Start of Block
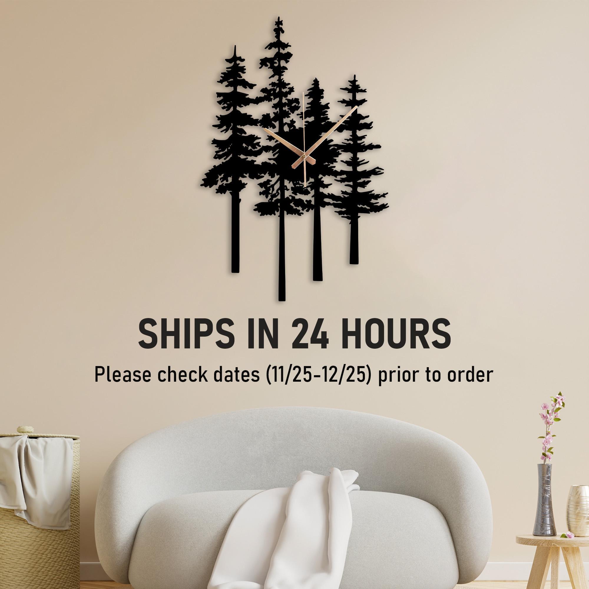 Pine Tree Forest Design Metal Wall Clock, Nature Clock Gift, Nature...
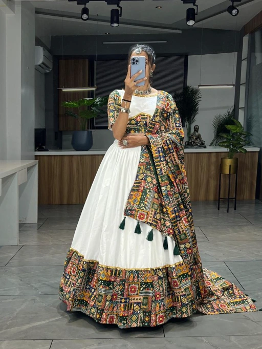 Buy Vardan Ethnic Navratri Full Stitched Chaniya Choli Collection online at a wholesale rate. This ready-to-wear lehenga set features pure rayon cotton fabric with foil and patchwork detailing, perfect for festive and traditional events.
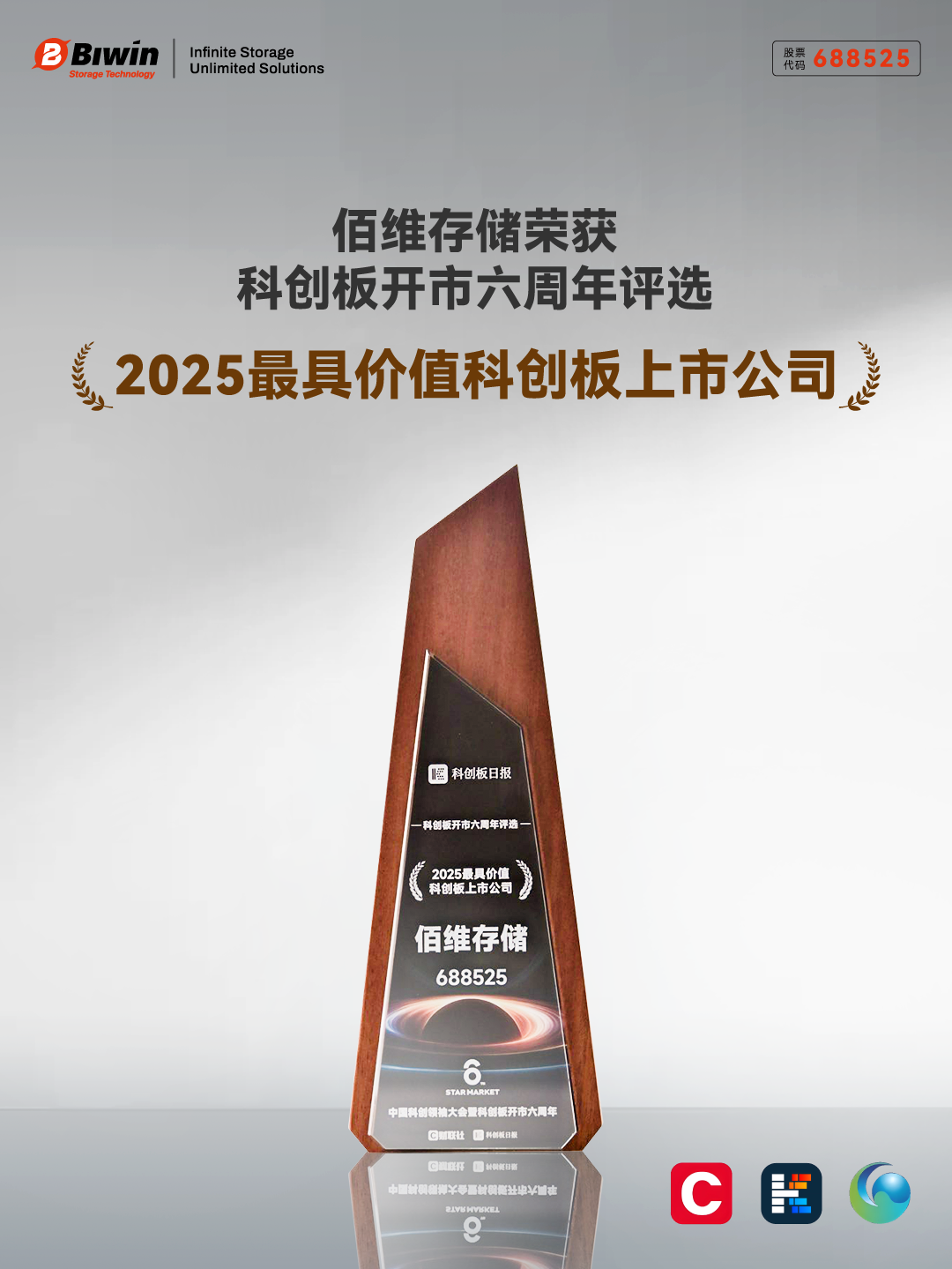 近日,由《科创板日报》、财联社与上海长三角G60科创集团联合主办的“2025中国科创领袖大会” 圆满举办,同期重磅发布了“科创板六周年评选” 榜单,作为科创50成分股,佰维存储(股票代码:688525)再度入选“2025最具价值科创板上市公司”,标志着资本市场对公司在技术创新、产业布局与长期价值创造上的持续认可。
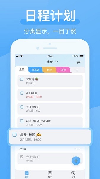 -分类事件:把我们的计划分门别类,用颜色区分开来,并且支持查看分类事项。学习科目分类、生活工作区别我们都能做到!
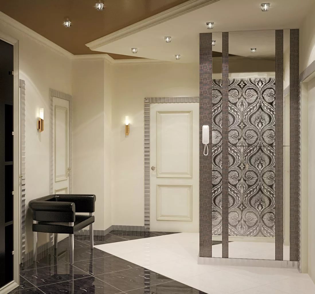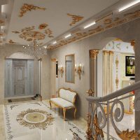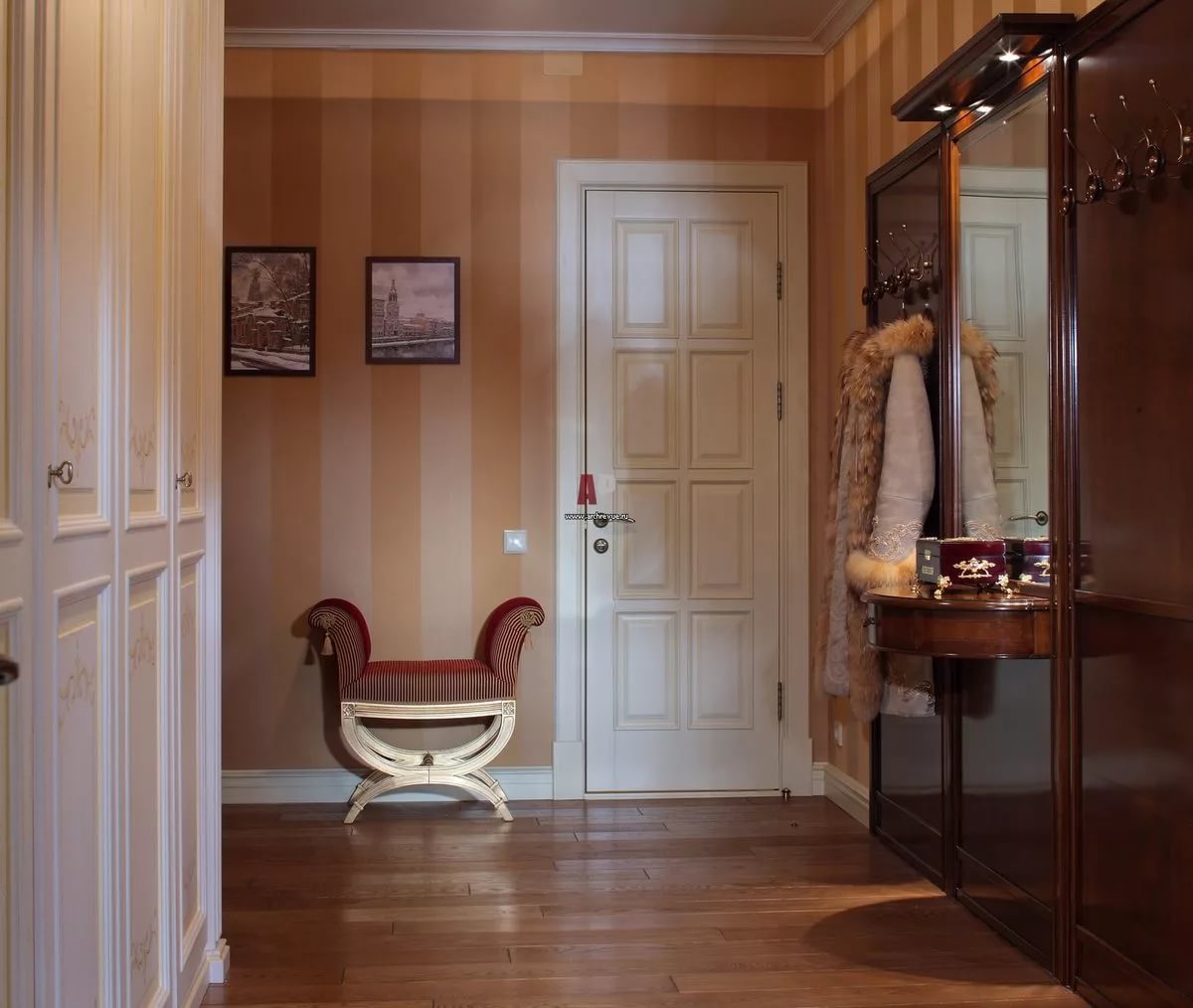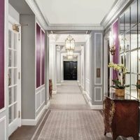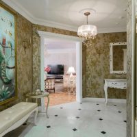 Cette direction est l'une de celles qui ne changent pas même après des décennies d'existence. Il n’a peur ni de la variabilité de la mode ni de l’influence des tendances. Il n’existe pas de temps et, bien sûr, peut convenir à la conception de votre couloir.Si vous souhaitez recréer ce style dans votre maison, optez pour des nuances dorées, bronze ou peut-être argentées d'accessoires pour poignées de porte et meubles. Optez également pour des nuances claires pour le papier peint. Utilisez du parquet au sol et un mobilier luxueux avec des branches monogrammes. L'installation de meubles vintage des siècles passés sera également appropriée.
End of Block
Write out the data above exactly, minus any images.

 Pine Tree Forest Design Metal Wall Clock, Nature Clock Gift, Nature...
 Buy Vardan Ethnic Navratri Full Stitched Chaniya Choli Collection online at a wholesale rate. This ready-to-wear lehenga set features pure rayon cotton fabric with foil and patchwork detailing, perfect for festive and traditional events.
 近日,由《科创板日报》、财联社与上海长三角G60科创集团联合主办的“2025中国科创领袖大会” 圆满举办,同期重磅发布了“科创板六周年评选” 榜单,作为科创50成分股,佰维存储(股票代码:688525)再度入选“2025最具价值科创板上市公司”,标志着资本市场对公司在技术创新、产业布局与长期价值创造上的持续认可。
 -分类事件:把我们的计划分门别类,用颜色区分开来,并且支持查看分类事项。学习科目分类、生活工作区别我们都能做到!
 Cette direction est l'une de celles qui ne changent pas même après des décennies d'existence. Il n’a peur ni de la variabilité de la mode ni de l’influence des tendances. Il n’existe pas de temps et, bien sûr, peut convenir à la conception de votre couloir.Si vous souhaitez recréer ce style dans votre maison, optez pour des nuances dorées, bronze ou peut-être argentées d'accessoires pour poignées de porte et meubles. Optez également pour des nuances claires pour le papier peint. Utilisez du parquet au sol et un mobilier luxueux avec des branches monogrammes. L'installation de meubles vintage des siècles passés sera également appropriée.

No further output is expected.